また、上記実施形態では、冷却通路16に設置する壁部として、第1面12aと第2面14aとの間を垂直方向に延びて、冷却フィン32と平行に設置される第1壁部34及び第2壁部36からなる構成の壁部30を例示したが、該壁部は、図3に示す構成以外のものであっても勿論よく、要は、第1通路16a側から第2通路16c側への液体冷媒の直接的な流通(ショートカット流れ)を防止できる構造であればよい。
例えば、図6A及び図6Bに示すように、壁部30に代えて、先細り傾斜形状の第1壁部40と、該第1壁部40と重なり合い壁面同士が平行又は略平行する第2壁部42とを有する壁部44として構成することもできる。壁部44では、一対の第2壁部42間の凹部42aが開口側に向かって拡幅する構成であることから、ヒートシンク本体12とヒートシンク蓋14とを組み付ける際に、凹部42aへと第1壁部40の頂部40aを容易に挿入することができ、高い組立性を得ることができる。
なお、冷却フィン32と平行に設置される第1壁部34及び第2壁部36からなる上記の壁部30の場合には、第1壁部34及び第2壁部36がそれぞれ第2面14a及び第1面12aから垂直方向に起立しているため、液体冷媒の流通にかかる流路抵抗が前記壁部44よりも高く、前記の流通阻止機能がより高いという利点がある。
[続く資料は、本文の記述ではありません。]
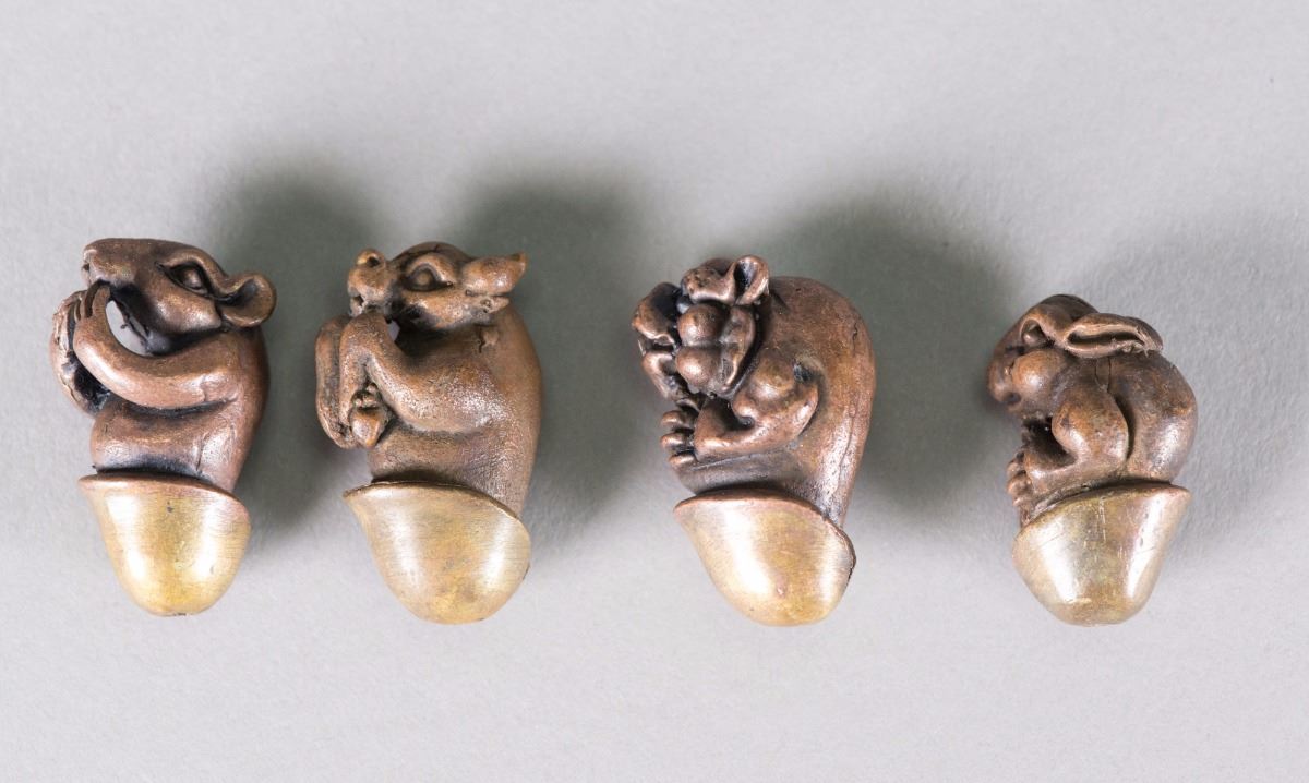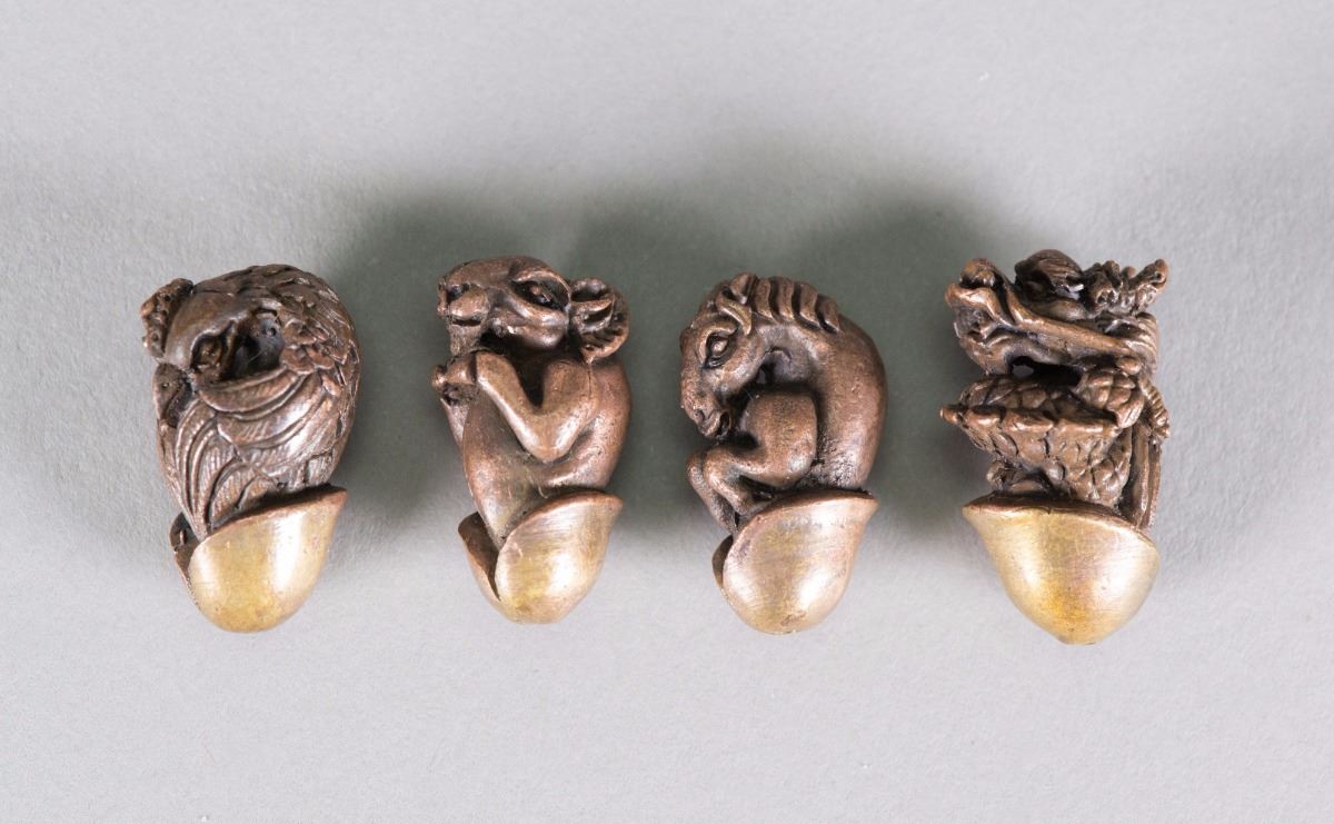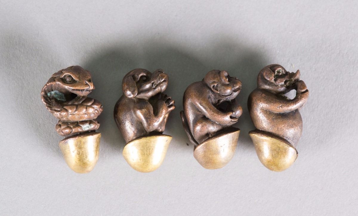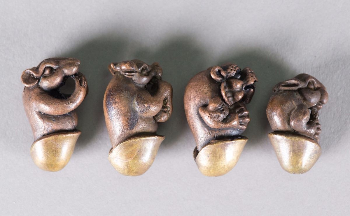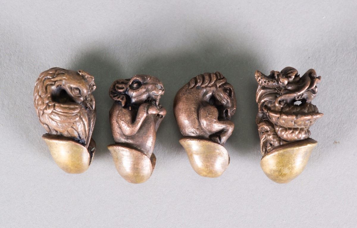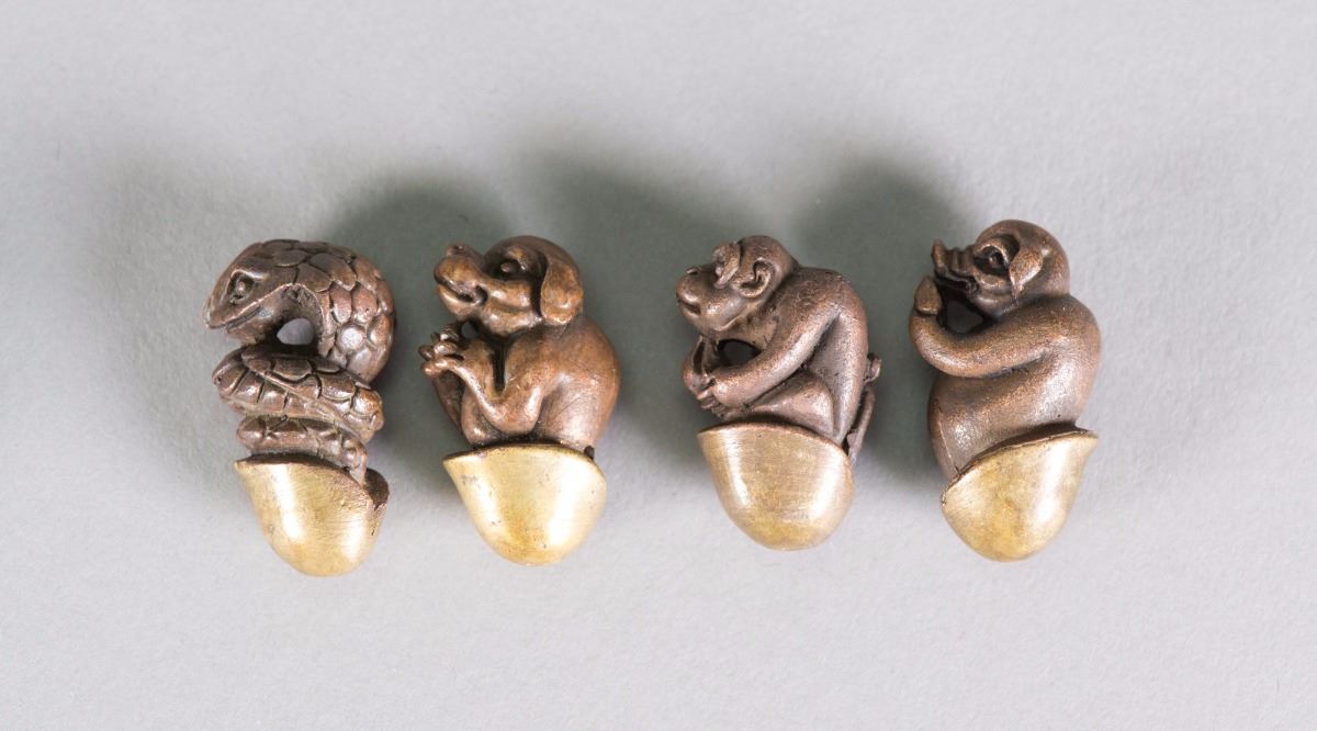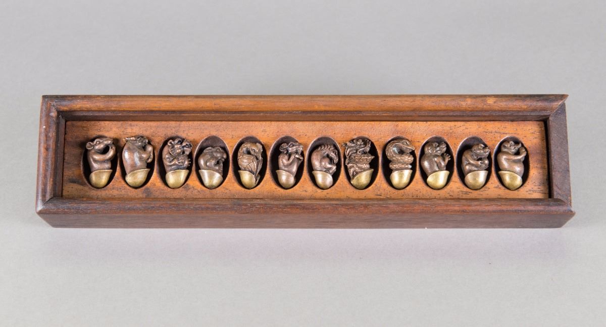 Chinese bronze twelve Zodiac figures; comprised of twelve Chinese animal Zodiac bronze figures; with custom wooden case; Qianlong mark on the cover; H: 3 cm, W: 30 cm, 698 grams

上記では、折り返し部16bを介して第1通路16a及び第2通路16cが配設されたU字形状の冷却通路16を例示したが、冷却通路の構造は、他の形状であっても勿論よく、例えば、V字形状やS字形状等であってもよい。このようなV字形状やS字形状の冷却通路の場合であっても、上記の壁部30と同様な壁部を設けることにより、流入口から排出口へと液体冷媒が直接的に流通することを防止することができる。
本発明は、上述の実施の形態に限らず、本発明の要旨を逸脱することなく、種々の構成を採り得ることはもちろんである。